• **Data in this exercise**:
•••
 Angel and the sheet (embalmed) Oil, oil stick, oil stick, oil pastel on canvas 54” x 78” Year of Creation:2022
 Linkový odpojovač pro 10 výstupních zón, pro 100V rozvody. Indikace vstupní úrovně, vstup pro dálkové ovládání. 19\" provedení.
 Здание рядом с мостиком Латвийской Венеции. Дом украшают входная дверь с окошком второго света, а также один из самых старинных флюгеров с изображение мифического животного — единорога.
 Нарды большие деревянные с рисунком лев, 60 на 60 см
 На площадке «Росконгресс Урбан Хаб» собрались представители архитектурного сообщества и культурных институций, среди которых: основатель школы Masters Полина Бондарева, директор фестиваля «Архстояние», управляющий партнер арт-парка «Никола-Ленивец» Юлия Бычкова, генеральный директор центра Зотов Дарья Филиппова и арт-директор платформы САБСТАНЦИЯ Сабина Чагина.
•••
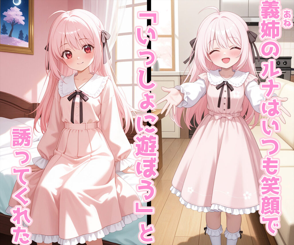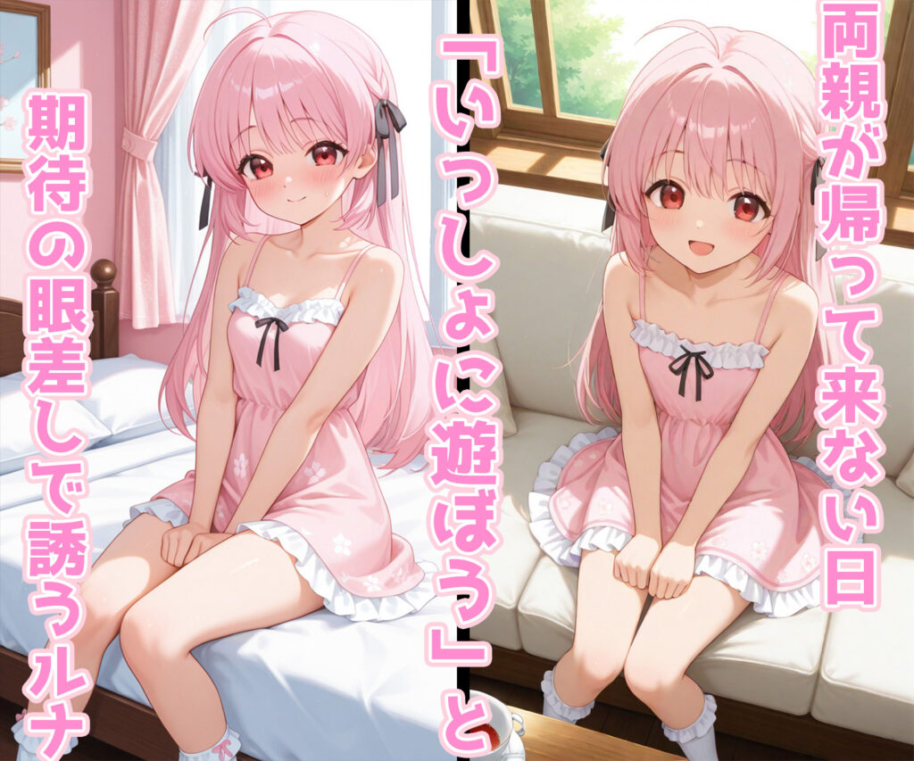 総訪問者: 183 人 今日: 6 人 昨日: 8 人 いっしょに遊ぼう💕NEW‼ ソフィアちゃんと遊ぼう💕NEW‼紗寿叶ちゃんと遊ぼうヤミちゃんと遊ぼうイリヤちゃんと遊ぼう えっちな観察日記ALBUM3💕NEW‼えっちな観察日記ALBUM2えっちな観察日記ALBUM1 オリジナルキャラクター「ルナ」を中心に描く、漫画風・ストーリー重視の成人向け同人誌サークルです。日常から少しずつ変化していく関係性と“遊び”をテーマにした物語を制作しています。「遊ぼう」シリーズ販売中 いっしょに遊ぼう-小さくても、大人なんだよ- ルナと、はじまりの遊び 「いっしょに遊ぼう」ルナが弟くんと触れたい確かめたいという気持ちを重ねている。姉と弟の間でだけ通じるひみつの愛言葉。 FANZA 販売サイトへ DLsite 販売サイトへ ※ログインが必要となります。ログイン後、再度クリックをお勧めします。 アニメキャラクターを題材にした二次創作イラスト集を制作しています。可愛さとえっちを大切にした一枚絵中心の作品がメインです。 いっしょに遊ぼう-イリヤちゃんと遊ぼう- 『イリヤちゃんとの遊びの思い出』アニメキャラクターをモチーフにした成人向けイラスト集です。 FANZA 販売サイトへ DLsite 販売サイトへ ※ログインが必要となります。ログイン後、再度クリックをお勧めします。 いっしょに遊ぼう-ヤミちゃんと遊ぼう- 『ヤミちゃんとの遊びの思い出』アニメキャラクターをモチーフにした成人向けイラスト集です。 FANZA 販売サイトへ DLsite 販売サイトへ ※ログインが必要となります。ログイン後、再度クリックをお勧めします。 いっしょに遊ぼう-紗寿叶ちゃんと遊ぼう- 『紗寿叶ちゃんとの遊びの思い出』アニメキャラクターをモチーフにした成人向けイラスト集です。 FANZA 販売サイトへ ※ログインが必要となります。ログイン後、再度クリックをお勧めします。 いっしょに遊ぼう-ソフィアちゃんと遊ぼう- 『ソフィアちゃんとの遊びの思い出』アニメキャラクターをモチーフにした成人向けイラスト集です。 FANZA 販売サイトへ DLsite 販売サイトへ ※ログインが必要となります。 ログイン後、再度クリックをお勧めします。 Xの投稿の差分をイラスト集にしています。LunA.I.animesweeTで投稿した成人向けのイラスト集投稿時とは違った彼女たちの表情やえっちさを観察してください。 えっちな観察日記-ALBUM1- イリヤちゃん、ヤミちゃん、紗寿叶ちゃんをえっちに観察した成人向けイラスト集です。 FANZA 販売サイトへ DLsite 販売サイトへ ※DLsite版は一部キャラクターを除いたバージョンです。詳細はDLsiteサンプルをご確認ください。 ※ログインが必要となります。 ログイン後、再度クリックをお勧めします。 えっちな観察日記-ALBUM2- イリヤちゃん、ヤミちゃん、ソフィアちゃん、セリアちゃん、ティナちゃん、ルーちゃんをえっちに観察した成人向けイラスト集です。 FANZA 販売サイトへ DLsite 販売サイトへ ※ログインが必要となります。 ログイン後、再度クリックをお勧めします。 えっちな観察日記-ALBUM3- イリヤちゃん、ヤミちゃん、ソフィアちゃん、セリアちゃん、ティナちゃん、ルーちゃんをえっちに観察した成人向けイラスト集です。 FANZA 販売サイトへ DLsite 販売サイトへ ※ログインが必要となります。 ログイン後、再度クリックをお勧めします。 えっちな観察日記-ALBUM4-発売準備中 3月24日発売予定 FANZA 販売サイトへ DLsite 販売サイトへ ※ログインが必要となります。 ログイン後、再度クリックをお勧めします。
•••
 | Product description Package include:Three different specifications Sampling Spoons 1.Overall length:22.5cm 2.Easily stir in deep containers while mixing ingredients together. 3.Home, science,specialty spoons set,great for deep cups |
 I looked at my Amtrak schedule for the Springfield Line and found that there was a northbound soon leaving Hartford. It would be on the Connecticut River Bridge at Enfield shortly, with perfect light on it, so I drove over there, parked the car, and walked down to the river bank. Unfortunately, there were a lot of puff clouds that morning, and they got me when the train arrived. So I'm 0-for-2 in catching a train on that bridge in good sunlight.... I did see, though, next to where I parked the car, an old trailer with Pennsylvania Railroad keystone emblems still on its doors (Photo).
•••
• **Work instructions**: Starting at the line above that contains "Angel and the", write out each line exactly until the line that contains "Linkový odpojovač pro" has been written, and stop there.

• **Task answer**:
 Angel and the sheet (embalmed) Oil, oil stick, oil stick, oil pastel on canvas 54” x 78” Year of Creation:2022
 Linkový odpojovač pro 10 výstupních zón, pro 100V rozvody. Indikace vstupní úrovně, vstup pro dálkové ovládání. 19\" provedení.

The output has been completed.